I'm really liking the .NET Core. Seems like a really productive platform with no obvious downsides (good performance, and cross-platform compatibility?)
You did a lot in 1.5 months. How much would you contribute your speed to the platform of choice vs your experience vs time available, etc?
ARM Linux support is lacking. To make my library easy enough to use, I had to make the Debian package myself. Wasn’t too hard, here’s a bash script https://github.com/Const-me/Vrmac/blob/master/net-core/packa... but still.
The newer .NET Core-introduced features are still not integrated perfectly into the older ecosystem. The new ref structs can’t be generic arguments, resulted in copy-pasting there: https://github.com/Const-me/Vrmac/blob/1.0/Vrmac/Draw/Text/K...
For some use cases, generics are not good enough, again had to copy-paste a few lines: https://github.com/Const-me/Vrmac/blob/1.0/Vrmac/Draw/Main/I... This last one can be trivially solved with OOP stuff, however I didn’t want any virtual calls or heap allocated objects in that particular place of code, for performance reasons.
Even in the latest .NET Core 3.1, SIMD support is not good enough. Compiler generates very inefficient code: https://github.com/dotnet/runtime/issues/13811 ARM Neon support is lacking. Even on PCs, in my C++ I needed instructions, both vector like vcvtph2ps and scalar like BSR, not exposed to .NET but readily available as compiler intrinsics in C++, including ARM-targeted gcc on Linux.
But overall, .NET is quite good. Sometimes it can even beat C++ performance wise, like I did there https://github.com/Const-me/Vrmac/blob/master/Vrmac/Draw/Tex... or there https://github.com/Const-me/Vrmac/blob/master/Vrmac/Input/Ke... by embedding data into code and passing the code to JIT. The readability suffers, though.
I’m equally proficient in C++ and I would estimate it would take me 2x longer to do completely in C++. (1) GC is just too good to ignore for non-performance critical parts. (2) Runtime library is awesome in .NET: I/O, compression, text handling, weak references, async-await, thread pool helped a lot. The C++ equivalents are either nonexistent, or twice as hard to use. At least based on my experience.
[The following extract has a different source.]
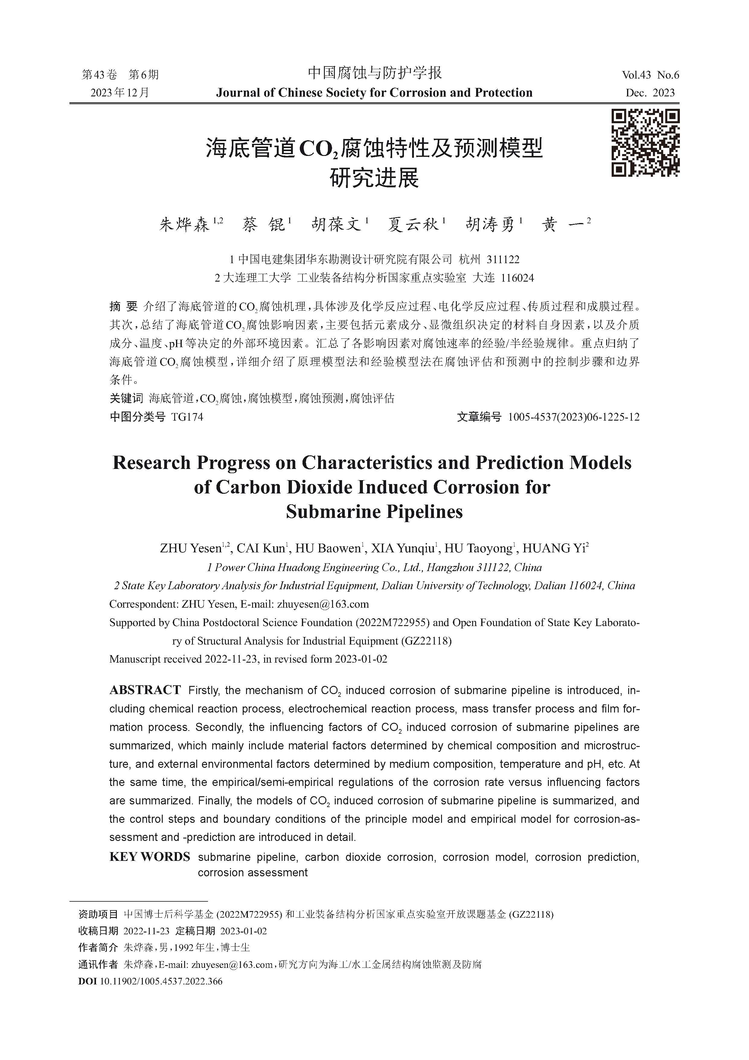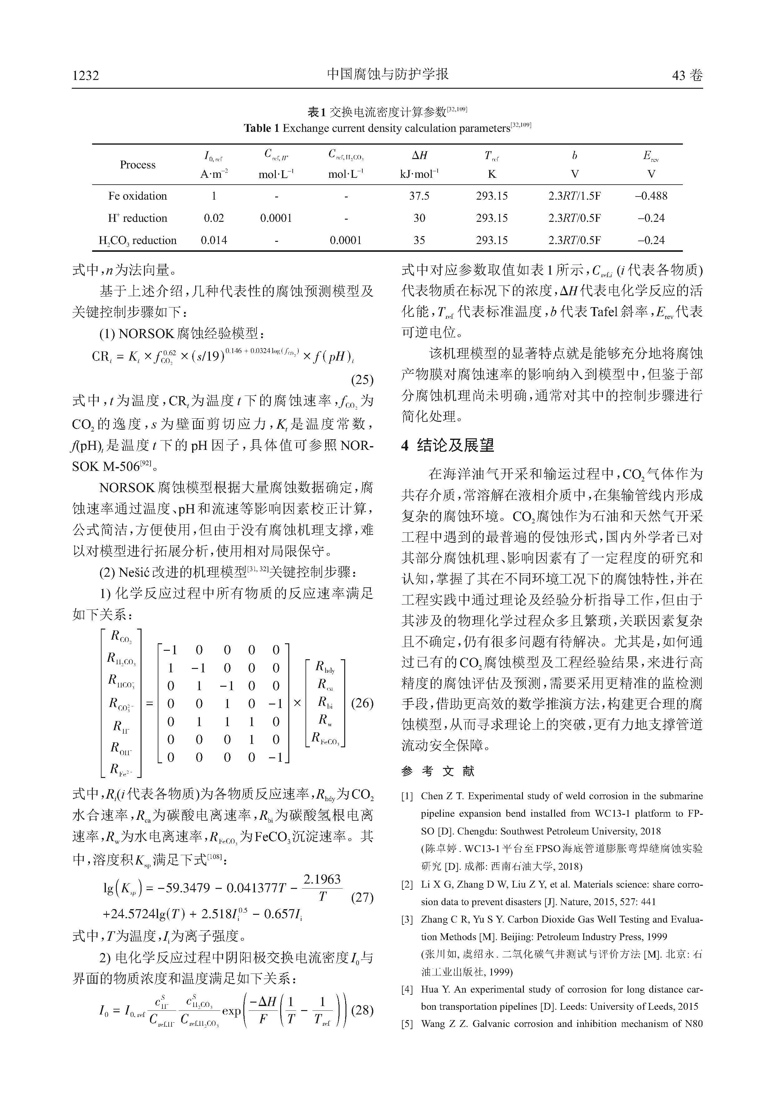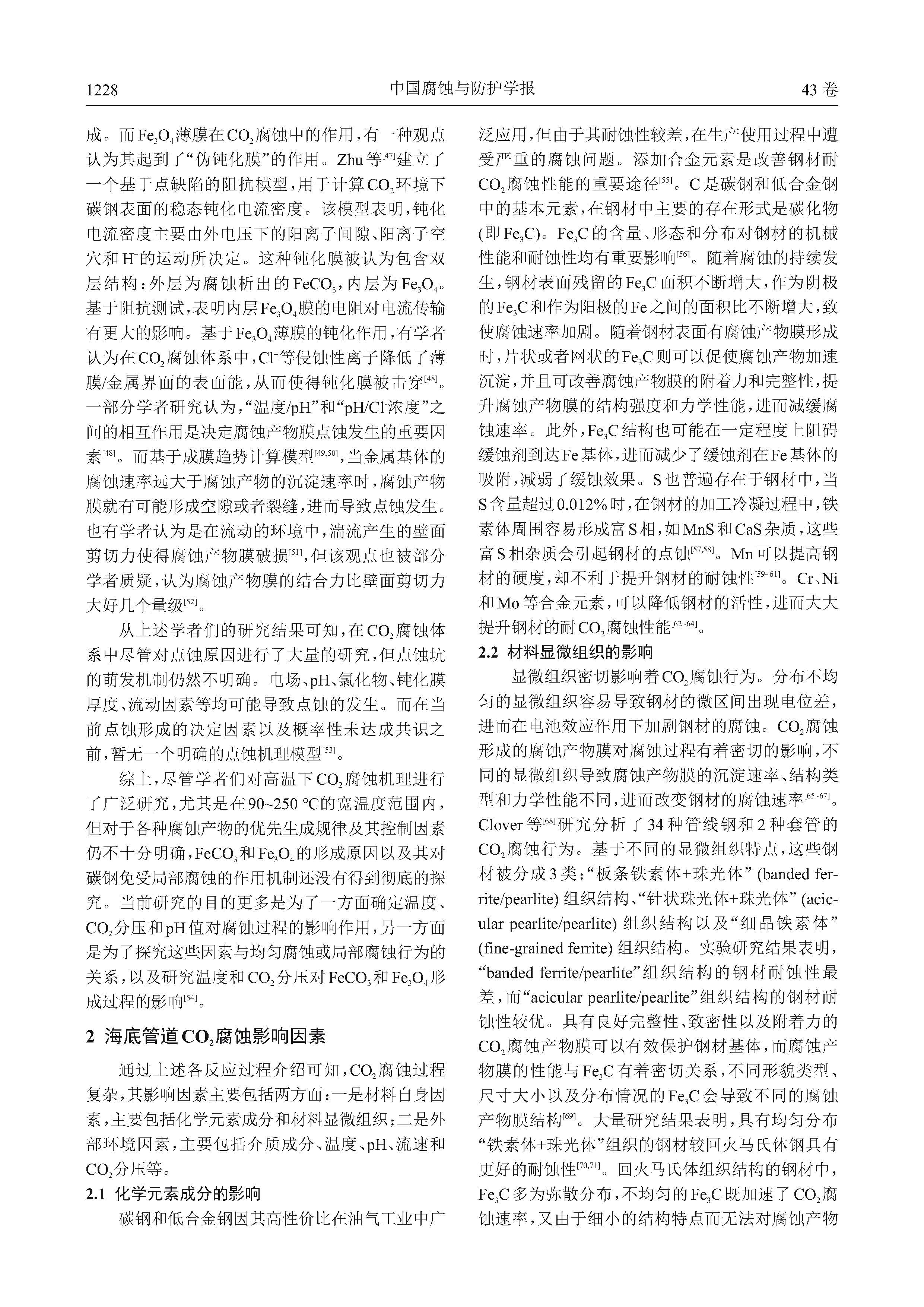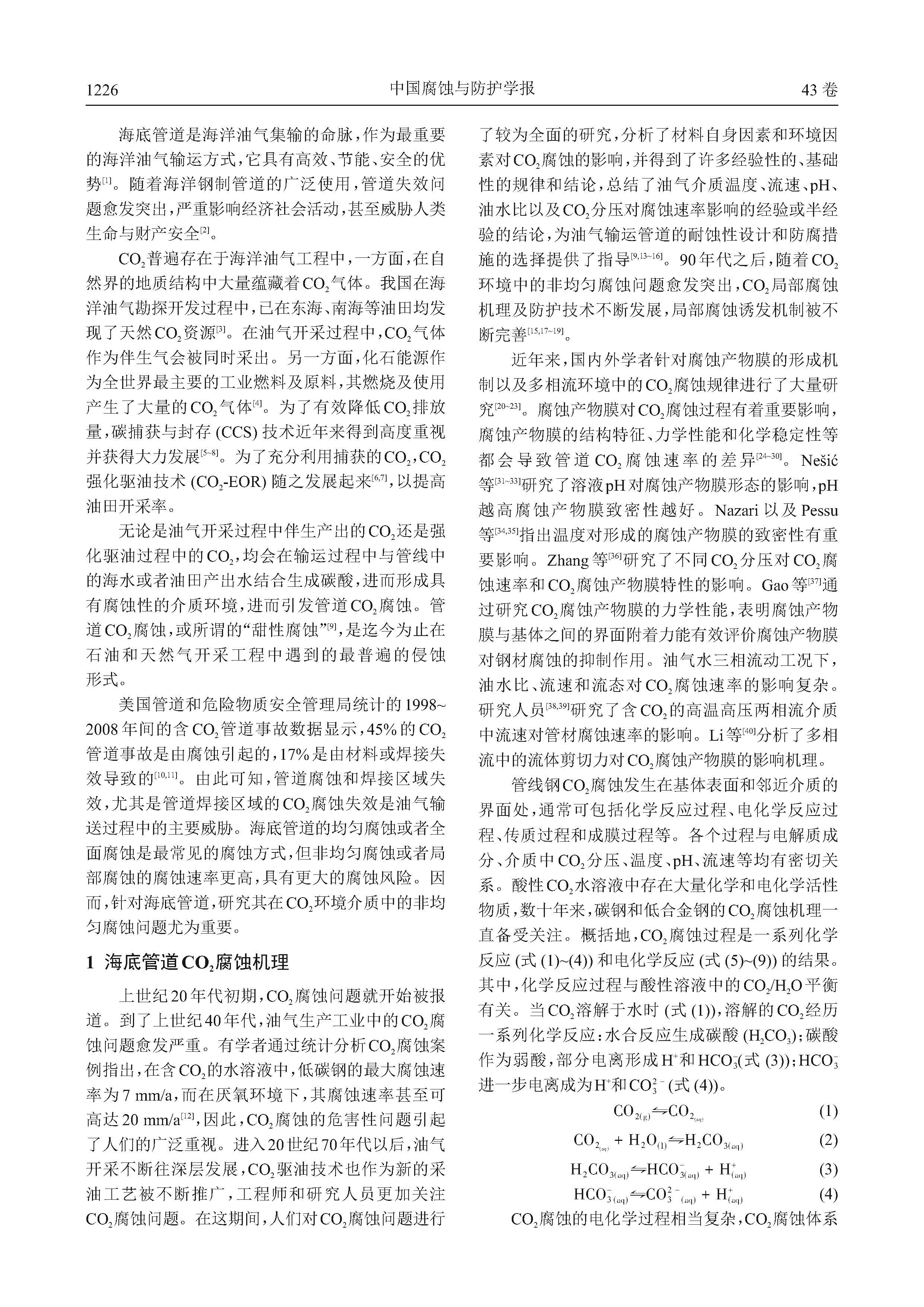 海底管道CO2腐蚀特性及预测模型研究进展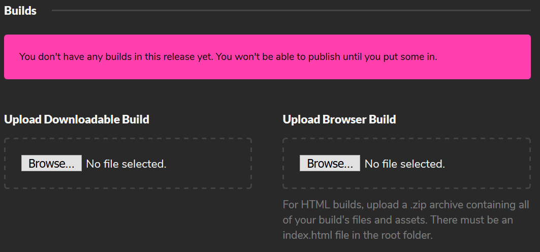 , will be available here. The downloadable build is for distributing executable files that can run on the system. Since you want your game to be playable in the browser, click on Browse

And since then, while not perfect, the use cases where it is required deminishes with each platform release.
Plus any of the languages are better options than plugging a scripting language.
Good job.
[1] http://agg.sourceforge.net/antigrain.com/index.html.
Vrmac graphics only uses CPU to prepare triangle meshes and upload them to GPU.
In terms of image quality, I would expect Anti-Grain to deliver better results. However, I wouldn’t expect AGG to do it at 60 FPS in FullHD for complex vector images on the Pi.